● **Exercise data**:
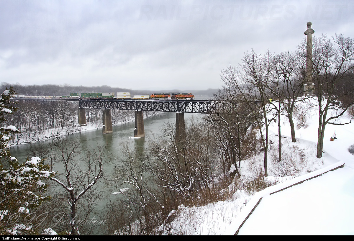 A pair of BNSF engines lead the NS intermodal over the Potomac River from Maryland into West Virginia following a significant Mid-Atlantic snowstorm.
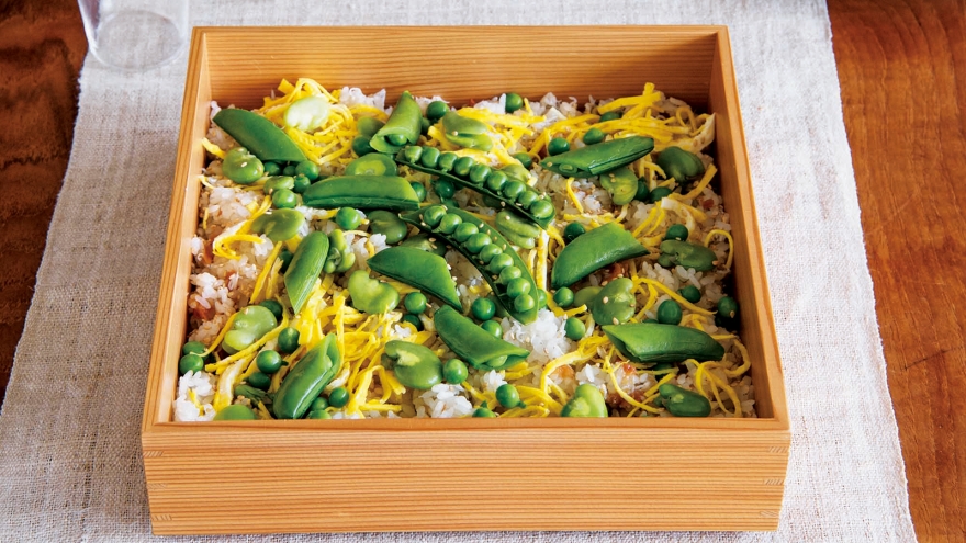 春らしいご飯物。豆の緑と卵の黄色が目にまぶしい、まさしく新緑のちらしずしです。梅を混ぜ込むとご飯が傷みにくくなるので、持ち寄りにも。
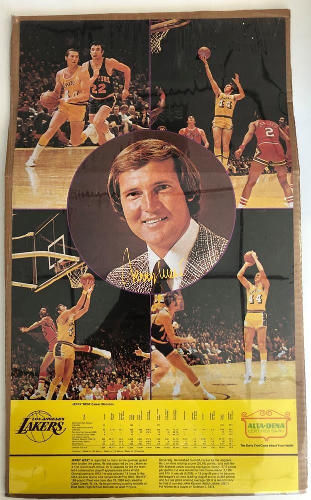 LA Lakers Jerry West signed statistics poster . Item is 24 by 14 inches

● **About this task**:
Return the data exactly as it stands, minus the pictures.

● **Solution to this exercise**:
 A pair of BNSF engines lead the NS intermodal over the Potomac River from Maryland into West Virginia following a significant Mid-Atlantic snowstorm.
 春らしいご飯物。豆の緑と卵の黄色が目にまぶしい、まさしく新緑のちらしずしです。梅を混ぜ込むとご飯が傷みにくくなるので、持ち寄りにも。
 LA Lakers Jerry West signed statistics poster . Item is 24 by 14 inches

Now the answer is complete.